# Rear Disc Conversion



## 240luvr (Oct 8, 2004)

First off, I'm posting for my buddy here so bare with me. I know he's looking at swapping out his rear drums in favor of the discs. What all is involved in this swap? Is there a particular type of Altima he should get the disc brake setup off of? Thanks again in advance guys.


----------



## Teh00Alty (Jan 21, 2005)

i want discs too, but i asked, ppl keep saying its not worth it


----------



## 240luvr (Oct 8, 2004)

So I guess I should take it as it's a royal pain in the ass to swap them. Anyone else want to add their opinion? Thanks


----------



## aaron629 (May 4, 2005)

240luvr said:


> So I guess I should take it as it's a royal pain in the ass to swap them. Anyone else want to add their opinion? Thanks


I'm thinking about swaping them for my 99 Altima as well. Let me talk to my suegro (father in law) and I will find out what is involved. Shit, maybe I'll get lucky and have him do it.


----------



## Teh00Alty (Jan 21, 2005)

aaron629 said:


> I'm thinking about swaping them for my 99 Altima as well. Let me talk to my suegro (father in law) and I will find out what is involved. Shit, maybe I'll get lucky and have him do it.


keep us updated


----------



## aaron629 (May 4, 2005)

Teh00Alty said:


> keep us updated


will do talking to him on Sat. good fight on too. Trinadad vs some other dude. Supposed to be a good fight.


----------



## Asleep (Jan 19, 2003)

it may be a sort of pain in the ass but dont let anyone tell you its not worth it. find a rear disk model at the salvage yard and pull the hubs, disks and knuckles. you will also need the e-brake stuff. bolting it in is fairly straight-forward. if you can figure out how to pull it - you can figure out how to bolt it back in. you may even need the master cylinder from the all disk vehicle, i cant remember. try pm'ing a good friend of mine - ULTIMATUC and ask him. hes done the swap to his alty and absolutely loves it.


----------



## Teh00Alty (Jan 21, 2005)

aaron629 said:


> will do talking to him on Sat. good fight on too. Trinadad vs some other dude. Supposed to be a good fight.

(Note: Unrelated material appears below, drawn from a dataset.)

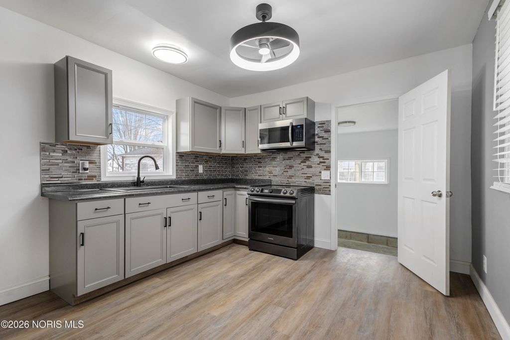 This massive rehab is to a new owner's delight!! Brand new flooring and paint in a cute 2bedroom/1 bath home with a big yard. The home comes with new appliances in your kitchen with a gorgeous backsplash. The modernized bathroom has Bluetooth speakers and adjustable lighting to relax in your new shower. The home has been double insulated to block the heat from escaping and lowering your monthly gas bill. This home comes with a finished laundry room with a washer and dryer hookup. No more having to walk down basement steps!! (AGENT IS REALTED TO SELLERS)

its monday, sowhat did he say?


----------



## aaron629 (May 4, 2005)

Teh00Alty said:


> its monday, sowhat did he say?


ooops my bad. Forgot to post. He says that it is a pain in the add. First you have to change your brake cables to switch from drum to caliper. Then you have to buy a spindle that will fit for disk and not caliper. There is also some other bull crap involved. In the long run it probably is still a kick ass conversion. As for cost that he didn't know but I'm guessing if you do it yourself about 800-1100 and that's a guess.


----------



## Asleep (Jan 19, 2003)

aaron629 said:


> ooops my bad. Forgot to post. He says that it is a pain in the add. First you have to change your brake cables to switch from drum to caliper. Then you have to buy a spindle that will fit for disk and not caliper. There is also some other bull crap involved. In the long run it probably is still a kick ass conversion. As for cost that he didn't know but I'm guessing if you do it yourself about 800-1100 and that's a guess.


its not _that_ expensive. im telling you, pm ultimatuc for a price and labor rundown. he'll tell you what you need to do.


----------